27 de novembro de 2009

Claudinho e Buchecha e o mistério da música universal

Alguém imaginaria que o segredo da Alquimia Musical pode estar ligado a uma simples catástrofe? Aparentemente era só mais uma estatística que serviria para engrossar a verdadeira guerra travada nas estradas brasileiras. Poucos percebiam que algo sinistro cercava aquela triste tragédia, várias coisas não faziam sentido ainda. Na verdade, um dos maiores mistérios do mundo poderia ter sido revelado naquele acidente banal.

Qual a melhor forma de elucidar a verdade sobre a música universal? Assim como os alquimistas que encontraram a fórmula mágica para transformar ossos humanos em ouro, também existe a lenda de uma música, capaz de atingir de modo semelhante todas as pessoas do planeta Terra. Uma canção com poder de escravizar os pobres mortais, isso graças ao som puro e denso, uma maldição que condenaria a todos a repetir incansavelmente o seu refrão durante todo o sempre.

A maldição que envolve a obra percorre as veias de cada músico, a perfeição musical em meros três minutos. O sonho utópico tem alguns riscos, o feitiço pode se voltar contra o feiticeiro, aflorando a vaidade do artista e tornando-o escravo de sua própria maravilha, em seguida o levando ao enlouquecimento precoce.

A solução para esse fatídico enigma começou há alguns anos atrás, ao ser aventada a possibilidade de existir uma relação sincrônica entre o filme “O Mágico de Oz” de 1939 e o álbum “The Dark Side of The Moon”, da banda Pink Floyd, de 1973. Diz a história que as canções do CD casariam de forma perfeita com as cenas “do longa” estrelado por Judy Garland. A experiência pode ser comprovada por qualquer um, basta pausar o disco na primeira faixa, depois é só pôr o DVD do musical da Metro e esperar até o leão da MGM aparecer, quando rugir pela terceira vez, é só tocar o CD.
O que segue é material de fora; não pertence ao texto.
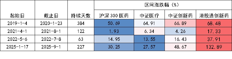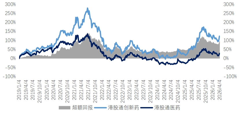 回顾过去,港股通创新药相比港股通医药的超额行情,均由"创新突破+出海兑现"驱动,超额集中发生在两个阶段:

Vale ressaltar que a banda negou veementemente a idéia da sincronia. E mesmo com coincidência tão absurdamente precisa, há margem para uma indagação: por que a trupe mentiria? A conspiração é muito simples e ao contrário do que diz a mídia tacanha, Syd Barret – o fundador do Pink Floyd – não abandonou a carreira artística por enlouquecimento devido ao uso excessivo de drogas, mas sim pelos seus estudos em alquimia musical.

Especula-se que exista uma forte conspiração secreta entre os artistas. Uma espécie de seita ou maçonaria musical. O objetivo é muito claro, produzir a música perfeita. Mas antes de abordar esse assunto com maior ênfase, o leitor já deve estar se perguntando: e o Claudinho e Buchecha, em qual ponto se relacionam em toda essa história? Primeiro é imprescindível se traçar um histórico. Cláudio Rodrigues de Mattos – o Claudinho – começou a cantar com seu amigo, Claucirlei Jovêncio de Souza – o famoso Buchecha – quando ainda eram auxiliares de pedreiro, no subúrbio do Rio de Janeiro. A dupla Claudinho e Buchecha só surgiu oficialmente em 1992 e dizem as más línguas que eram os artistas mais desafinados de todo o cenário musical brasileiro e quem sabe até mundial.Para o espanto dessas mesmas línguas, três anos mais tarde a dupla ganhava um festival com o “Rap do Salgueiro”, uma gravação patrocinada por um grupo de baile funk carioca. O passo seguinte foi conquistar as rádios, com o estouro do hit “Conquista”. O primeiro disco da dupla, intitulado “A Forma” (1997) alcançou a impressionante marca de um milhão de cópias vendidas, sem esquecer também o prêmio de revelação no VMB (Vídeo Music Brasil) da MTV.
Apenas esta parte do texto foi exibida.